Always a Marine: Soldiers celebrate Corps’ birthday
By Erik Slavin, Stars and Stripes
Mideast edition, Monday, November 12, 2007

COMBAT OUTPOST CLEARY, Iraq — Like many former Marines, Spc. Benjamin Block celebrated the Marine Corps birthday on Saturday.

Unlike most, he did it in a soldier’s uniform.

Block, from Sierra Vista, Ariz., is one of about 10 soldiers in the 3rd Infantry Division’s 1st Battalion, 15th Infantry Regiment who say they retain a dual identity: soldier and Marine.

“I know where I’m at now and what I do, but I remember where I’ve been,” said Block, of Company C. “Once you make it through Marine basic, you’re a Marine the rest of your life.”

However, Block said what other former Marines echoed about the service’s toughest part.

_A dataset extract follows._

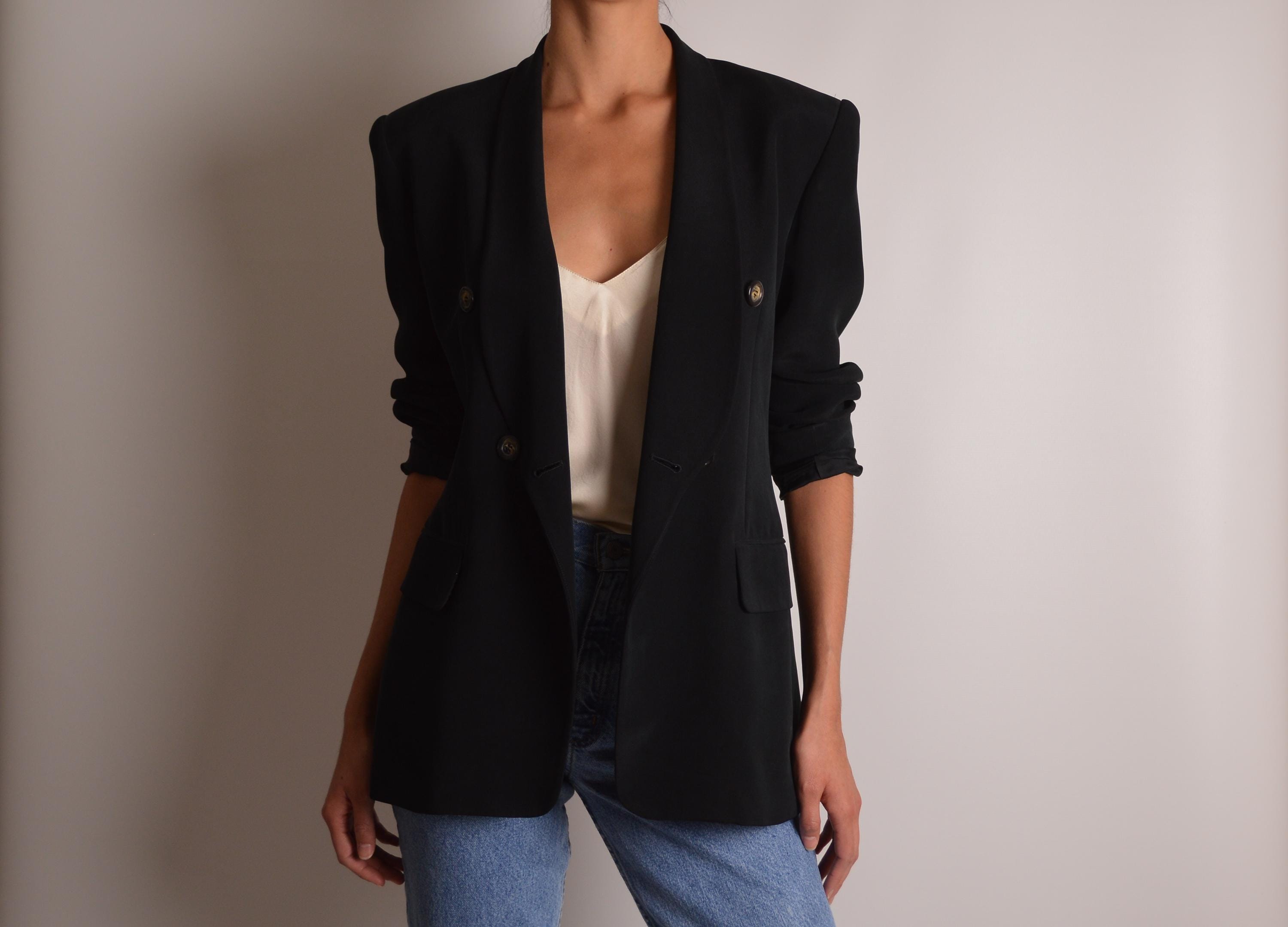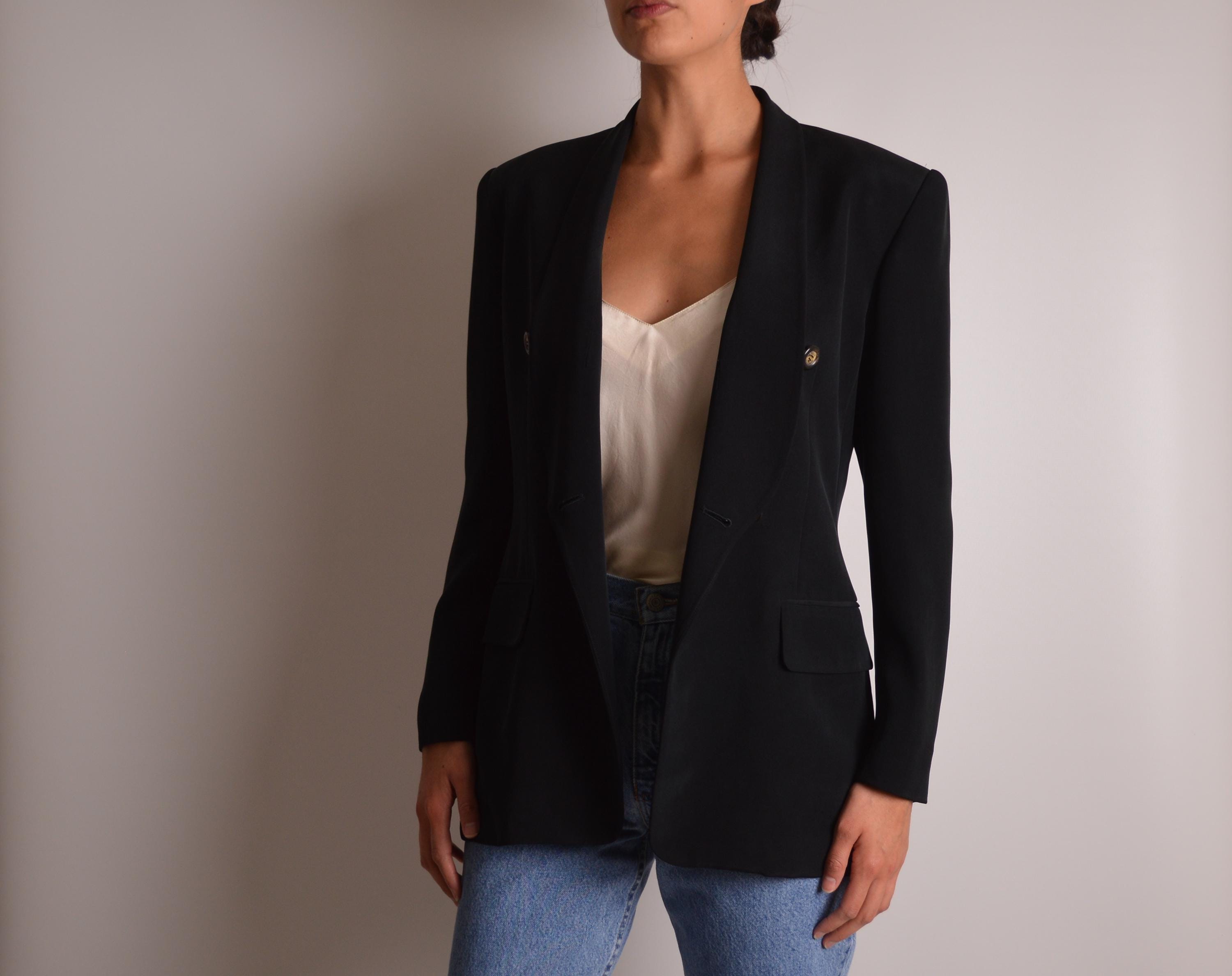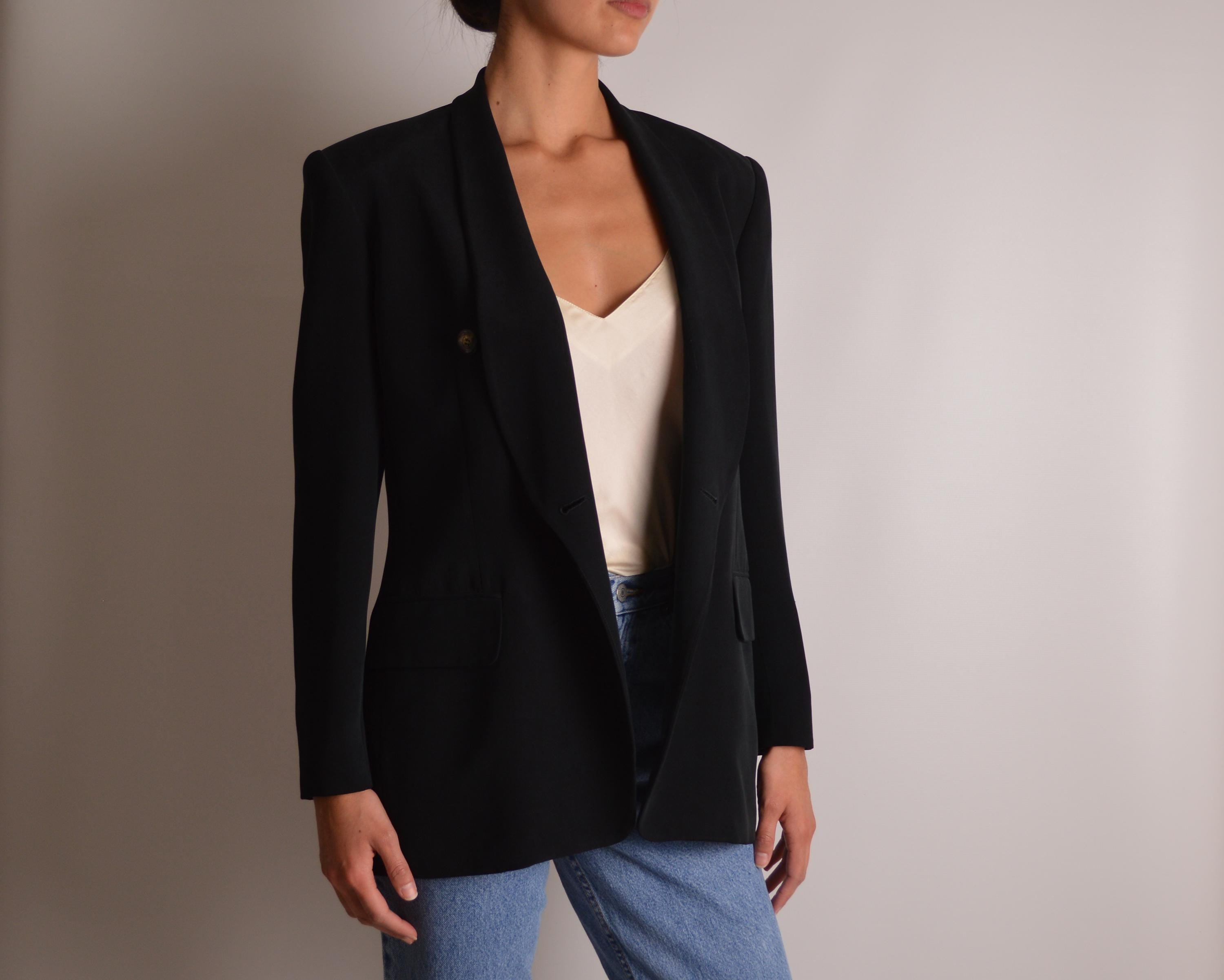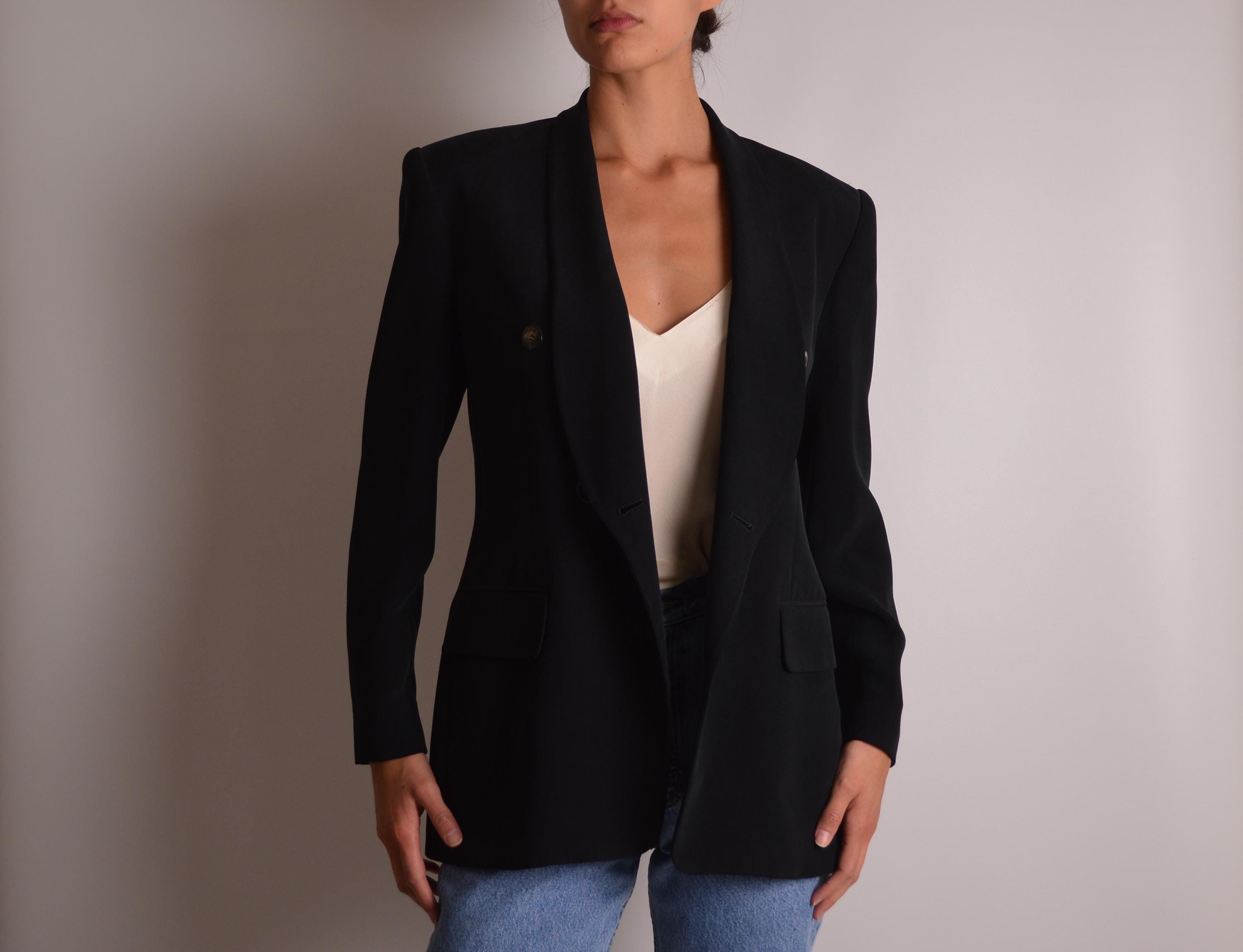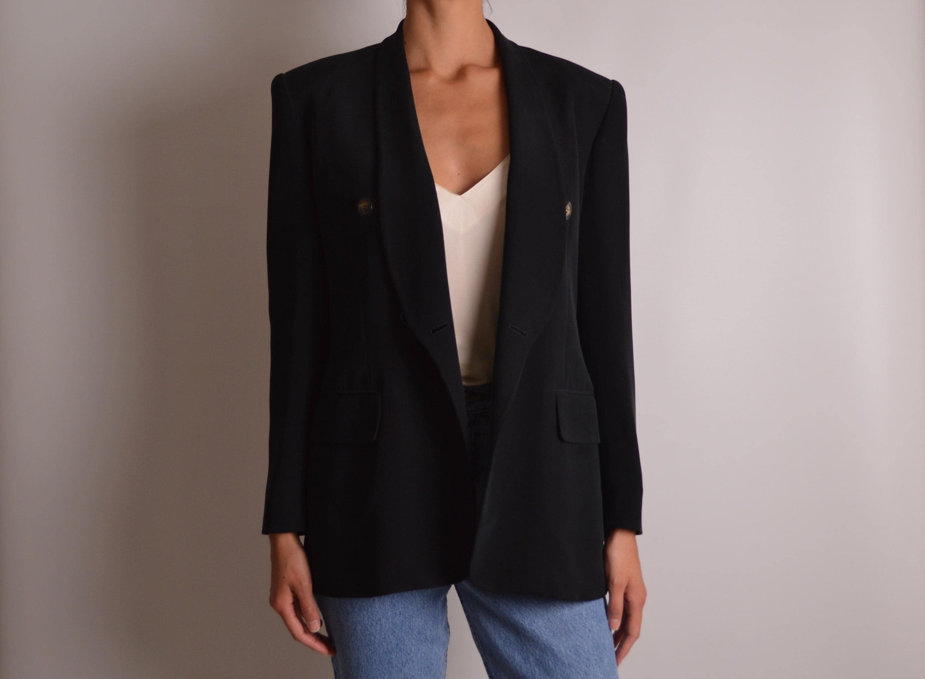 Perfect vintage Jones New York black silk blazer. Double-breasted closure, flap-covered pockets, and three buttons at each wrist. It has perfectly padded shoulders and is fully lined inside. The silk has an amazing, soft, easy drape. Beautiful quality and so chic

“The deployment schedule (for Marines) is more aggressive,” said Block. “There is more family time in the Army.”

Cpl. Paul Bliss, of Willits, Calif., says he left the Marines because he wanted to start a family. In more than four years with the Marines he was deployed to Somalia, Rwanda, Iraq, Jordan, Australia and other places.

He joined the California National Guard in 2002, where he met his wife and eventually returned to active duty.

“I get the question a lot: Who’s better, the Army or the Marine Corps?” said Bliss, of Company B. “They both have their good points and bad points.”

The camaraderie was much closer in his experience as a Marine than in the Army, Bliss said. However, Bliss agreed that the Army was more family friendly.

Some of Bliss’ former Marine buddies rag on him for joining the Army, he says, but Bliss believes his experiences make him a more complete servicemember.

“I don’t see any conflict,” Bliss said. “The Army infantry and Marine infantry both serve a purpose and serve with distinction.”

Sgt. Juan Landron, of Company C, left the Marines in 2002 after eight years.

When he decided he wanted to serve again, it was easier to join the Army, he said. It’s been an adjustment at times to adapt to a service that enforces discipline differently, said Landron, of Veja Baja, Puerto Rico.

“Sometimes the Marine wants to come out and I have to hold it back,” he said.

While he understands his role as a soldier, Landron says he never forgets Nov. 10.

“It’s awesome,” Landron said. “I was born that day. I wasn’t really, but the Marine Corps birthday feels that way to me.”